La Bulgarie avance vers une informatique plus libre et plus loyale en faveur de l'intérêt général

Le 1er juillet 2016, une série d'amendements à l' « E-governement Act » bulgare de 2007 est entrée en vigueur. Un des articles ainsi créé, le 58a., constitue une véritable avancée en assurant aux administrations de pouvoir librement modifier et partager les logiciels développés pour elles et en créant un dépôt national public pour valoriser ces ressources.

Art. 58a. (Nouveau, applicable au 01/07/2016)
Lors d’appels d’offre techniques et fonctionnels pour les marchés publics visant le développement, la mise à jour ou la mise en oeuvre de systèmes d’information ou de e-services, les autorités administratives doivent inclure les exigences suivantes :
1.Lorsque l’objet du contrat [du marché public] inclut le développement de logiciel :
a) les programmes doivent répondre aux critères des logiciels open-source ;
b) tout droit d’auteur et droit voisin des programmes, du code source, des interfaces et bases de données qui sont produits dans le cadre de la réalisation de l’appel d’offre doivent être livrés dans leur entièreté sans limitation d’utilisation, de modification ni de distribution ;
c) le développement doit être réalisé dans le dépôt maintenu par l’Agence [de « Gouvernance Électronique »] selon les termes de l’article 7c alinéa 18 ;

Traduction réalisée à partir d'une traduction automatisée en anglais du texte intégral

Notons que l'article 65 alinéa 30 de la loi énonce (traduction April) :

 Un « logiciel open-source » est un logiciel dont les codes sources sont disponibles publiquement et gratuitement et sur lesquelles les droits d'accès et de modification sont soumis aux conditions prévues par l'ayant-droit. 
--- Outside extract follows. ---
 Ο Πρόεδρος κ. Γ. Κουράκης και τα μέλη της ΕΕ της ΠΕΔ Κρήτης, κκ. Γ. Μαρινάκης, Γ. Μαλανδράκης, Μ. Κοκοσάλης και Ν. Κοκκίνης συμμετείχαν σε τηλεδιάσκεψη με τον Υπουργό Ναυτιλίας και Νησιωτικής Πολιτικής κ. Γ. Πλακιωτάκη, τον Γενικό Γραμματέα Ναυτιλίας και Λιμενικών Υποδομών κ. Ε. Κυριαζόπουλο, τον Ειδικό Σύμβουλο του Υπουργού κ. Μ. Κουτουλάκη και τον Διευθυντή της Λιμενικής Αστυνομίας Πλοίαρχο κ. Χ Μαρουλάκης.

Depuis le 1er juillet 2016, les logiciels développés pour les administrations bulgares doivent respecter des conditions qui permettront l'accessibilité de leurs codes sources, sous des licences qui garantiront ces administrations contre l'enfermement technologique tout en permettant la mutualisation des développements et des ressources. La création d'un dépôt public national dont il est mention au point c) est, dans cette perspective, une initiative très prometteuse.

L'April salue la disposition adoptée par le législateur bulgare sous l'impulsion de Bozhidar Bozhanov, informaticien et conseiller du Vice-Premier ministre bulgare depuis 2015. La comparaison avec le simple encouragement au logiciel libre prévu à l'article 9 ter du projet de loi numérique français, et avec la timide reconnaissance à l'article 1er bis du caractère communicable des codes sources des logiciels des administrations limitée par une exception disproportionnée en cas de risque pour la sécurité des systèmes d'information, révèle la différence d'ambition politique sur ce sujet.
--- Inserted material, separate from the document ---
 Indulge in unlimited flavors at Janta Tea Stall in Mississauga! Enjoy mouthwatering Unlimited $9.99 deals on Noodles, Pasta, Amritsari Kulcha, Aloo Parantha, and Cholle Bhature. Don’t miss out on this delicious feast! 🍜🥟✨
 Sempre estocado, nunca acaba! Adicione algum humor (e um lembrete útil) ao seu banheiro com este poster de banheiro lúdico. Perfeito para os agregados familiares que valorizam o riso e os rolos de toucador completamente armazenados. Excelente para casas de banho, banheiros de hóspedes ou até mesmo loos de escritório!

Bien sûr, aussi engageante soit-elle, la disposition n'est pas exempte de points d'amélioration potentielle :

L'April observe ainsi qu'une référence au logiciel libre et sa définition aurait été plus ambitieuse. Le message aurait été plus fort, plaçant les notions de liberté et d'intérêt général au centre des considérations. En outre, puisque le texte mentionne les « critères des logiciels open-source », une référence explicite aux critères de l' « Open Source Initiative », aurait pu être plus appropriée. La formulation retenue dans la loi bulgare résulterait-elle de la complexe réalité de l'écriture législative et des tractations y affèrant ?

L'April remarque également que cette disposition ne vise que le développement et non l'acquisition en général des logiciels par les administrations. Peut-être qu'une solution, plus large, basée sur une priorité au développement en interne et à la mutualisation entre administrations, à l'instar de ce qui est prévu en Italie ou comme ce que l'on rencontre dans le projet sourcecode.cio.gov américain, aurait été plus pertinente ?

Toutes ces réflexions trouveront certainement leurs réponses dans la mise en oeuvre pratique de ce texte. L'article 58a. instaure à cette fin un cadre très favorable au développement d'une architecture logicielle plus libre et plus loyale en faveur de l'intérêt général. Dans cette optique le rôle de l'Agence de Gouvernance Électronique nouvellement créée et de son directeur, ainsi que celui du décret d'application en Conseil des Ministres prévu à l'article 43 (2) - qui devra entre autre préciser la mise en oeuvre du critère d'interopérabilité - seront prépondérants dans le succès des ambitions affichées par ce texte.